Researchers surveyed students four to nine months before the program began and one to six months after the program ended. They aggregated survey responses into indices that captured student’s gender attitudes, aspirations, and behaviors. To measure the program’s medium-term impacts, researchers surveyed the students again two years after the program ended, when the students were, on average, 17 years old. In addition, they distributed application forms for a college scholarship program to female participants to determine whether the program increased girls’ aspirations and thus made them more likely to apply for a scholarship.
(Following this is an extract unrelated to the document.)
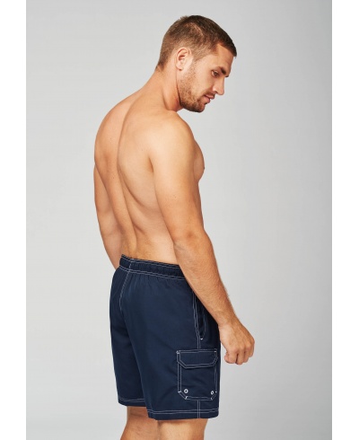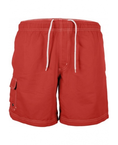 100% polyester microfiber. Quick dry peached fabric. Elasticated waist with inner drawcord. Meshed inner brief. 2 side pockets + 1 side pocket with flap and eyelet. Contrast topstich.

Finally, researchers also informed participants about a petition to end the dowry system, with the names of signatories to be published in the local newspaper, to evaluate whether participants would be willing to publicly support a gender-progressive position.
Scaling up
A measure of the success of this Haryana pilot program can be evinced by the fact that its neighbor Punjab proceeded to adopt the very same program for grades sixth, seventh, and eighth in its government schools. More recently, Odisha also followed suit. Media coverage - TOI, Feminism India and Economist.